В немецком поезде, рассчитанном на тысячу двести пассажиров, сидело, стояло и лежало четыре тысячи — серое человеческое месиво. Обивка мягких сидений была разодрана в клочья, стены загажены, окна выбиты. Часто не хватало пара, и поезд останавливался.
— Сейчас вместо угля одна только пыль и камни, — сказал проводник, ни у кого не требовавший билета.
Михаэль пристроился на полу у ног Лизы, для которой ему удалось отвоевать сидячее место. Сосед Лизы, молодой солдат, лишившийся на войне зрения, повернул к Лизе пустые глазницы и сказал:
— Когда я вернусь домой, я спрошу у матери, зачем она меня родила на свет? Вот что я у нее спрошу. Зачем, скажу, ты меня родила на свет?
Лиза стиснула зубы, но слезы так и брызнули из ее глаз.
Изредка, когда поезд застревал на некрутых подъемах, в вагон садились новые пассажиры. Не было больше билетов. Не было ничего. Грохочущий, лязгающий на стыках поезд поражения медленно, как запряженный лошадьми рыдван, тащился по разоренной стране и прибыл в Мюнхен с семичасовым опозданием. Но это не имело значения, расписания тоже больше не было.

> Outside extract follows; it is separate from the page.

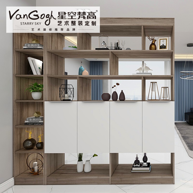 【星空梵高】現(xiàn)代簡(jiǎn)約整體定制玄關(guān)柜 塔特森林·邁阿密胡桃+玉石白玄關(guān)柜
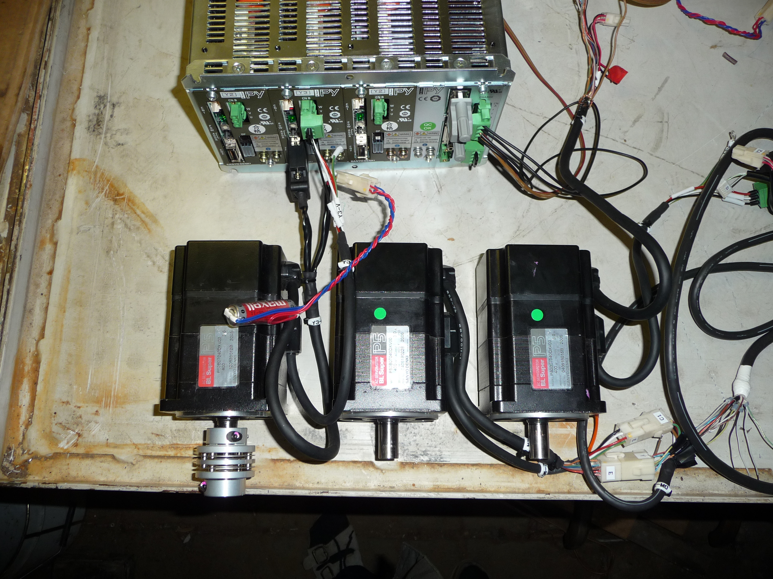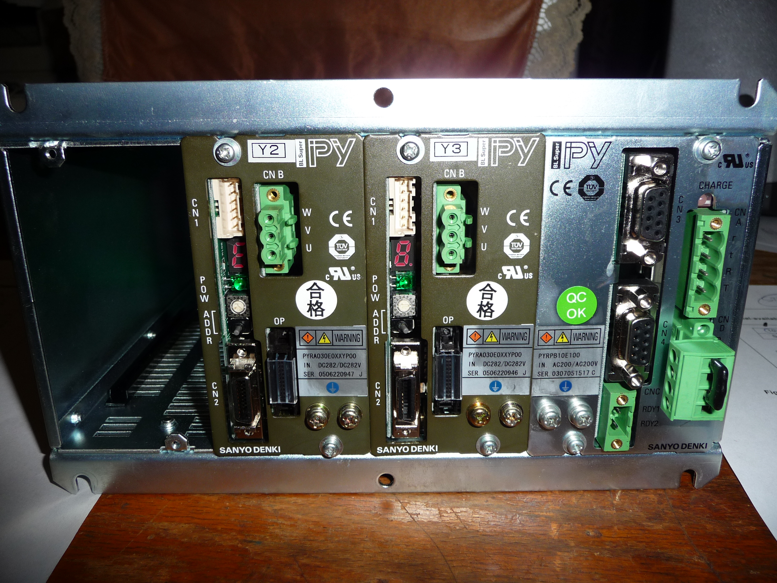 První řadě děkuji za odpovědi. Baterie nejsou vybité ale při demontáži byli odpojeny u dvou motorů asi na 2 týdny. Pravý stříbrný modul slouží jako napájecí zdroj pro 3 výkonové jednotky AC serv. Dále je tu konektor pro připojení brzného odporu, výstupní rele kontakt a dva 9pin konektory pro komunikaci. Takže teď mám tedy za ukol sehnat OP remote operator (to bude asi problém) a nebo by měla být možnost připojit přímo k PC například přes RS-232. Moc by mi pomohla dokumentace přímo k tomuto modelu. Už jsem zkoušel psát přímo výrobci takže čekám na opověď.

При выходе на вокзальную площадь Михаэля охватили воспоминания довоенных лет. Все осталось точно таким же, как и прежде, но в это холодное ноябрьское утро все выглядело совсем иным. Над городом словно нависла вечная ночь, и во мраке ее, сплетясь, как клубок червей, продолжали двигаться люди, видимо без всякой цели.

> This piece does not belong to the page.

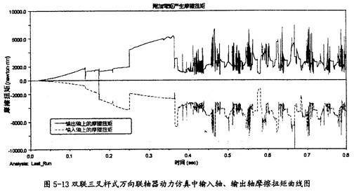 由圖5-12可以看出,雙聯(lián)三叉桿式萬向聯(lián)軸器在動(dòng)力仿真的過程中,其一端的三個(gè)小桿所受的摩擦力的合力變動(dòng)較有規(guī)律,其值在開始一段平滑,其后幾乎以0為中心波動(dòng)。由于這三個(gè)摩擦力的方向均平行于輸入軸或輸出軸軸線,故此合力會(huì)在輸入軸和軸出軸上產(chǎn)生軸向的力,在輸入軸和輸出軸上產(chǎn)生摩擦扭矩。如取其水平較高值60牛來計(jì)算,它產(chǎn)生的摩擦扭矩為270N·mm(60×0.3×15=270,其中0.3為動(dòng)摩擦系數(shù),15為摩擦半徑),此值相對(duì)圖5-13中的值而方相當(dāng)小。
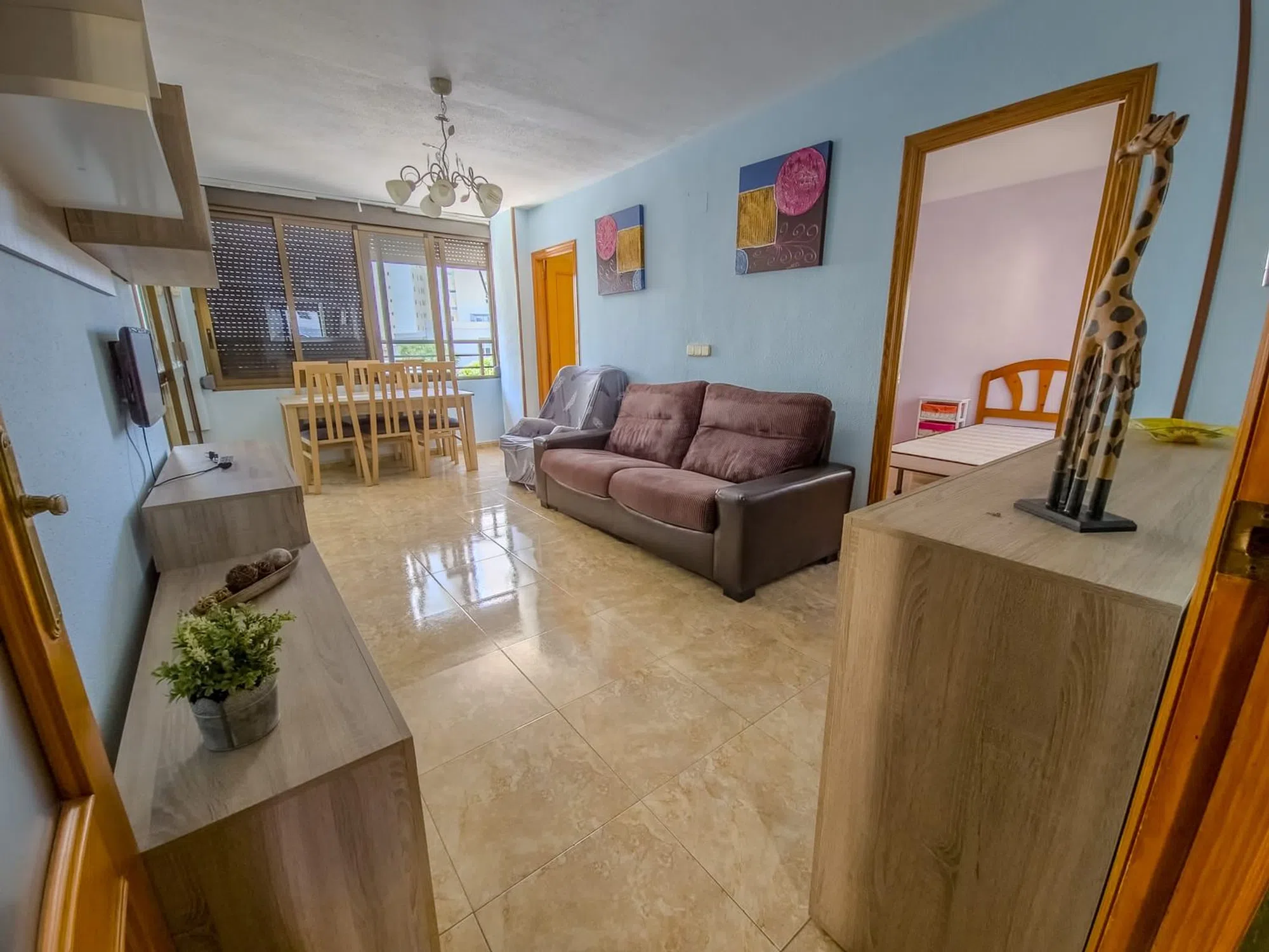� Piso luminoso en buen estado con terraza y parque infantil Este piso de 85 m² construidos (80 m² útiles) es una gran oportunidad para quienes buscan comodidad y buena ubicación. ✨ Características de la vivienda 3 dormitorios amplios 1 baño completo Salón–comedor con acceso a terraza Cocina equipada Armarios empotrados Con ascensor Estado de conservación: Buen estado � Orientación Vivienda exterior, con orientación norte, sur, este y oeste ⚡ Instalaciones y confort Aire acondicionado Calefacción individual eléctrica Adaptado a personas con movilidad reducida � Zonas comunes Parque infantil Piscina � Situación legal Vivienda libre de ocupación o situaciones excepcionales. � Una vivienda práctica, luminosa y bien cuidada, con todo lo que necesitas para entrar a vivir y disfrutar en familia. Bright apartment in good condition with terrace and children’s playground This 85 m² built (80 m² usable) apartment is a great opportunity for those looking for comfort and a well-connected location. ✨ Property features 3 spacious bedrooms 1 full bathroom Living–dining room with access to the terrace Fully equipped kitchen Fitted wardrobes With elevator Condition: Good condition � Orientation Exterior apartment, facing north, south, east and west ⚡ Comfort & facilities Air conditioning Individual electric heating Adapted for people with reduced mobility � Communal areas Children’s playground Swimming pool � Legal situation Free from occupation or exceptional situations. � A practical, bright, and well-maintained apartment, ready to move into and enjoy with your family.

Лиза и Михаэль направились в ближайшую к вокзалу гостиницу. Записали свои имена. Им отвели комнату, дали ключ. Все вокруг производило какое-то призрачное впечатление: казалось, будто пущенная много лет тому назад машина по случайности продолжала работать. И в эту зловещую, безжизненную тишину, где ничто не живет и не произрастает, вдруг ворвалось многоголосое пение, прерываемое ликующими криками. Михаэль подошел к окну. Тысячи людей шагали под огромными красными знаменами.
Михаэль отправился в ближайшую же меняльную лавку и обменял семь тысяч швейцарских франков на германские марки, которые к тому времени потеряли еще только сорок процентов своей стоимости. Меняле он сказал:
— Скоро марка не будет стоить и пфеннига.
Меняла — худой человек в очках, побагровел от гнева.
— Наша марка надежнее золота.
— А я вам говорю, что скоро она вообще ничего не будет стоить.
— Если вы так думаете, зачем же вы меняете франки на марки?
Надо сказать, что Михаэль в Цюрихе отказывался класть свои деньги в банк, считая безнравственным получать проценты; теперь он сказал:
— Потому что я не хочу ничего иметь, когда у других тоже ничего нет.
Этого меняла не понял. Он, пятясь, отступил от прилавка и со страхом поглядел на Михаэля, словно опасаясь, что его странный клиент сошел с ума.
Когда Михаэль вышел на улицу, он увидел, как два солдата, схватив за руки молодого белокурого офицера, срывают с него погоны. Михаэль подумал: «Ну что тут скажешь?» Он подумал: «С этой минуты мы все равны». И это было его глубочайшее убеждение. Он даже невольно замурлыкал гимн «К радости» — «Обнимитесь, миллионы!»
С лязгом проехал велосипедист. Вместо резиновых шин, которых тоже больше не было, на колеса были намотаны спиральные пружины, а сверху надеты железные ободья. Перед пустой витриной обувного магазина, где серый котенок катал стеклянную вазу, стоял крестьянский парень в коротких кожаных штанах, из которых торчали голые коленки, и в огненно-красных высоких зашнурованных дамских ботинках на высоком французском каблуке. Обуви больше не было.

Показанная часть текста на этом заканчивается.